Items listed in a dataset
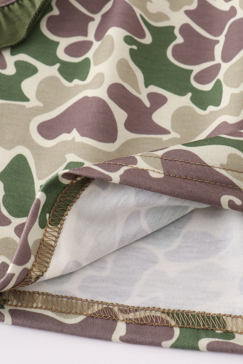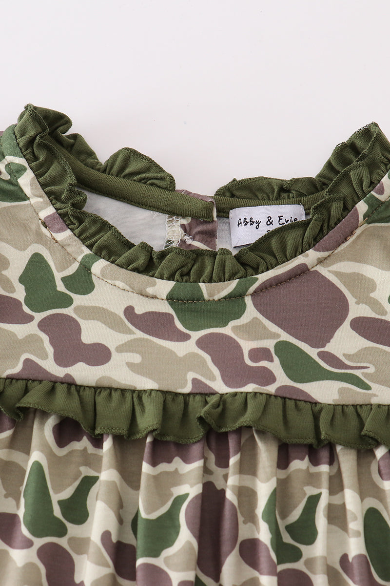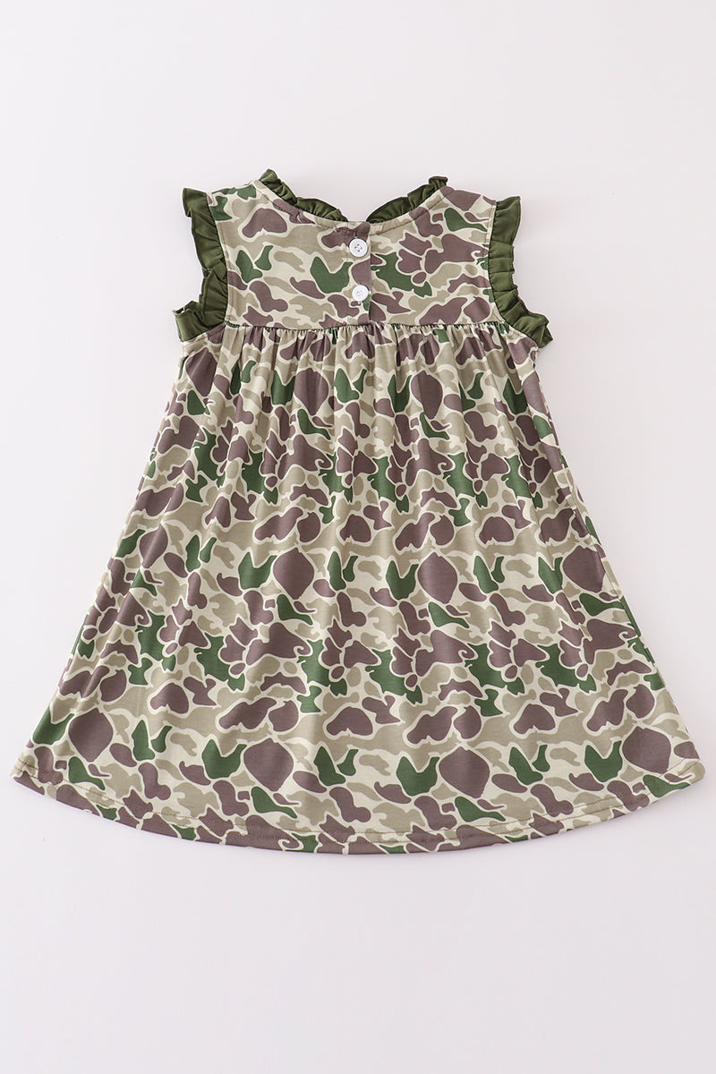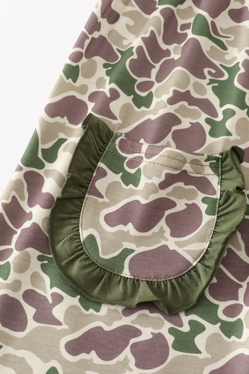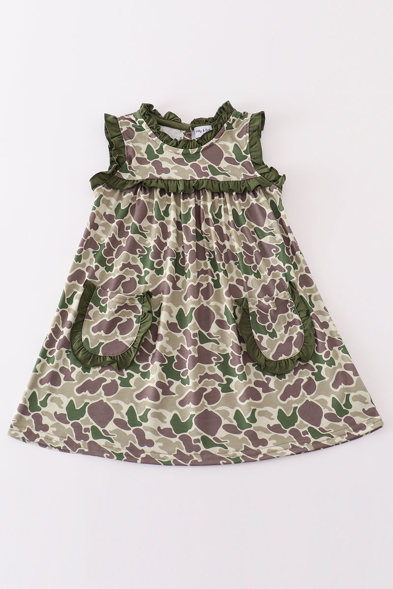 Your little one will blend in and stand out in this playful camouflage print dress! Made of durable fabric, this dress is perfect for any adventure. With a fun and unique design, your child will feel confident and stylish while staying comfortable. Perfect for any little fashionista!
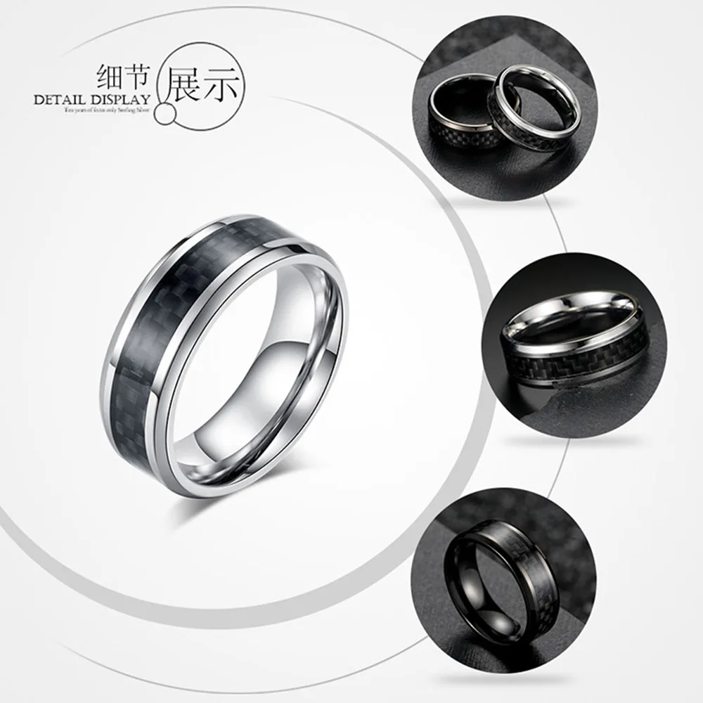 Черное кольцо из углеродного волокна и титановой стали, высококачественный подарок для мужчин, модное кольцо для пары, Женские Ювелирные изделия
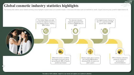 The following slide outlines various statistics showing various highlights of global beauty and cosmetics industry. It showcases information such as investment by country, largest consumer group, growth in digital channel, etc. Formulating a presentation can take up a lot of effort and time, so the content and message should always be the primary focus. The visuals of the PowerPoint can enhance the presenters message, so our Global Cosmetic Industry Statistics Highlights Successful Launch Ppt Sample was created to help save time. Instead of worrying about the design, the presenter can concentrate on the message while our designers work on creating the ideal templates for whatever situation is needed. Slidegeeks has experts for everything from amazing designs to valuable content, we have put everything into Global Cosmetic Industry Statistics Highlights Successful Launch Ppt Sample The following slide outlines various statistics showing various highlights of global beauty and cosmetics industry. It showcases information such as investment by country, largest consumer group, growth in digital channel, etc.
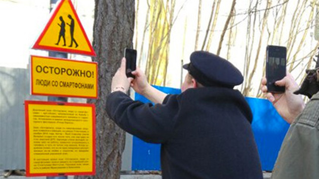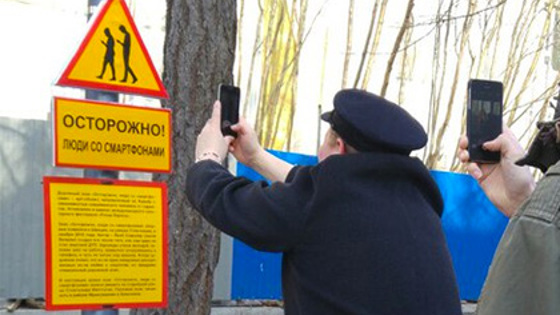 В Мурманске в рамках международного культурного фестиваля «Птица Баренц» открыли дорожный знак «Осторожно, люди со смартфонами!». Установленный в одном из городских скверов арт-объект, по словам организаторов, направлен на борьбу с зависимостью современных людей от интернета и социальных сетей. Об этом в среду, 13 апреля, сообщает телеканал «ТВ-21». Пока табличка существует только в качестве арт-объекта, однако опрошенные каналом жители города отметили, что такие знаки не мешало бы установить и «по-настоящему». По их словам, то, что многие пешеходы и водители пользуются смартфонами во время движения, часто приводит к возникновению опасных ситуаций. Подобные знаки уже есть во Франкфурте-на-Майне, Лондоне и Хельсинки. Впервые красно-желтый треугольник, предупреждающий об опасности смартфонов, появился в Стокгольме в ноябре 2015 года. Якоб Сэмплер, автор проекта, рассказал, что придумал такой знак после того, как сам чуть не попал под машину из-за того, что шел по улице, уткнувшись в смартфон. Сэмплер также пошутил, что знак вряд ли сможет кому-то помочь, потому что те, кому стоило бы его увидеть, смотрят не по сторонам, а в экраны своих смартфонов.
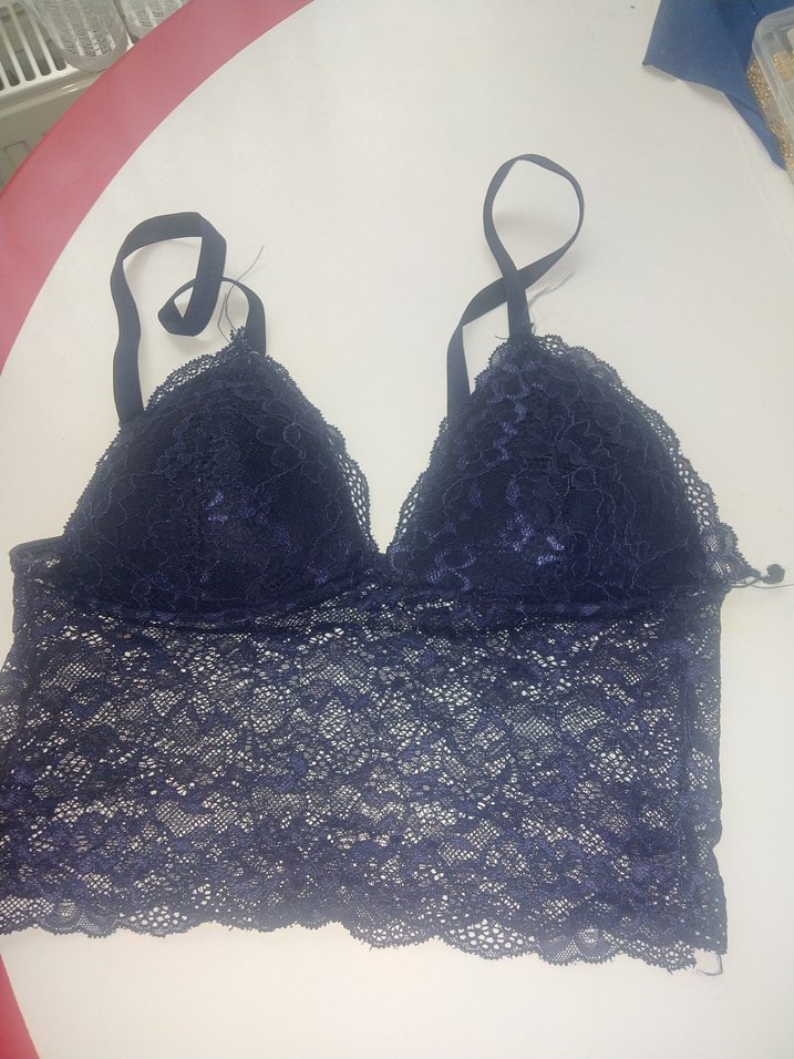 Lacivert renkte, gotik tarzda dantel kumaştan yapılmış bralet. Ayarlanabilir askıları ve midi uzunluğu vardır. Şık ve karanlık bir görünüm için uygundur.
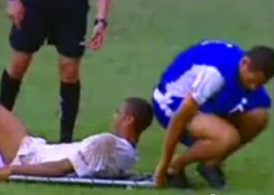 Si jamais vous êtes blessés, ne faites surtout pas appel à lui, levez vous et marchez comme si de rien était ! A moins que vous vouliez subir le même sort que ce pauvre joueur de foot …
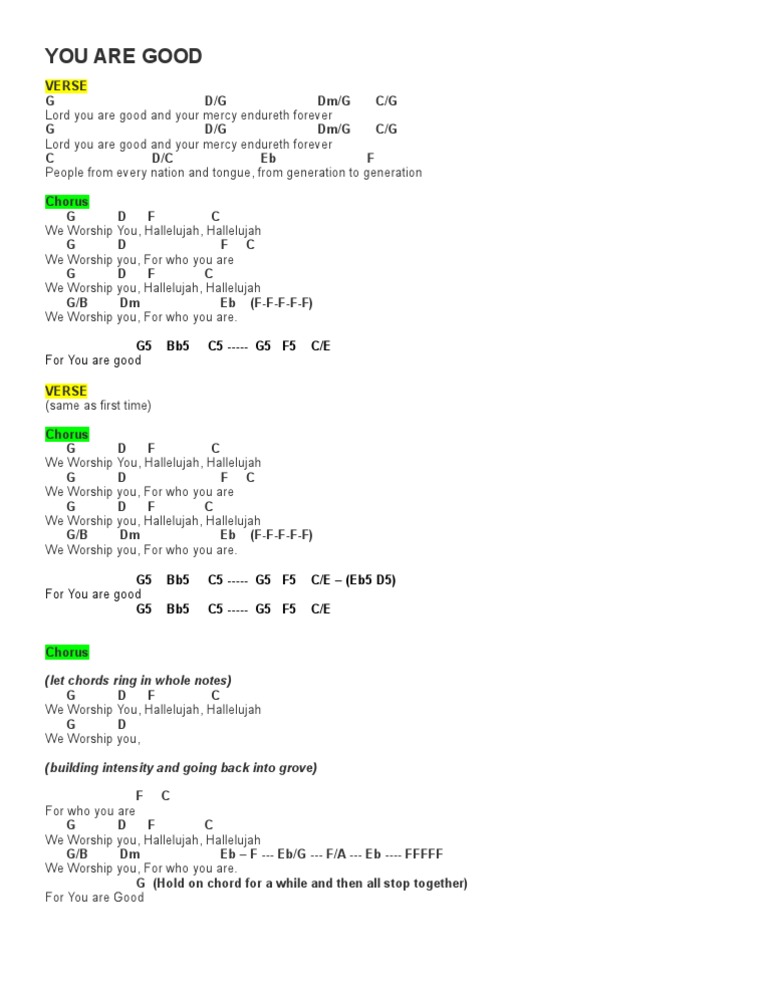Lord You Are Good Chords Pdf Song Structure Musical Forms
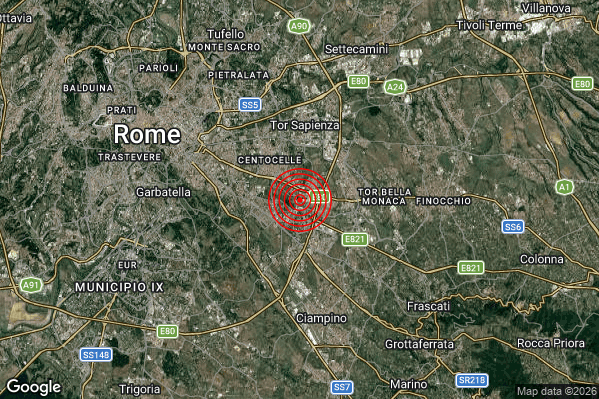 Oggi 14/03/2026 alle ore 22:44:09 (ora locale Italiana – 21:44:09 UTC) è stato registrato un Lieve #Terremoto di magnitudo M2.0 con epicentro “7 km N Ciampino (RM)” Latitudine: 41.86 Longitudine: 12.59 mostrato sulla mappa.
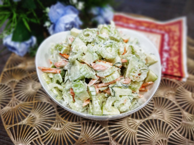 Я подавала салат, выложив его на микс из салатных листьев. А заправку из йогурта поставила на стол отдельно. Приятного аппетита!
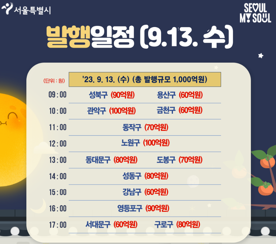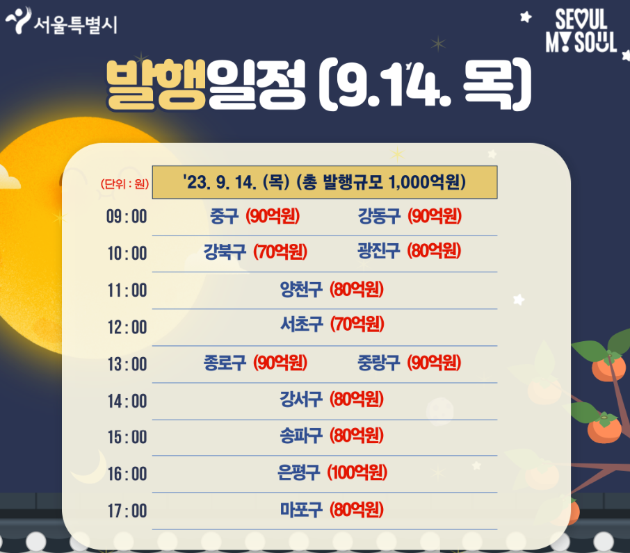 2023년 추석 명절 서울사랑상품권(시.자치구) 발행
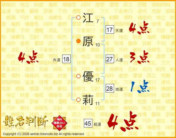 江原優莉さんの総運は45画の4点!

Exercise requirements: Output exactly the lines from the first line of the records through the line containing "Черное кольцо из". Leave out every picture.

Answer:
 Your little one will blend in and stand out in this playful camouflage print dress! Made of durable fabric, this dress is perfect for any adventure. With a fun and unique design, your child will feel confident and stylish while staying comfortable. Perfect for any little fashionista!
 Черное кольцо из углеродного волокна и титановой стали, высококачественный подарок для мужчин, модное кольцо для пары, Женские Ювелирные изделия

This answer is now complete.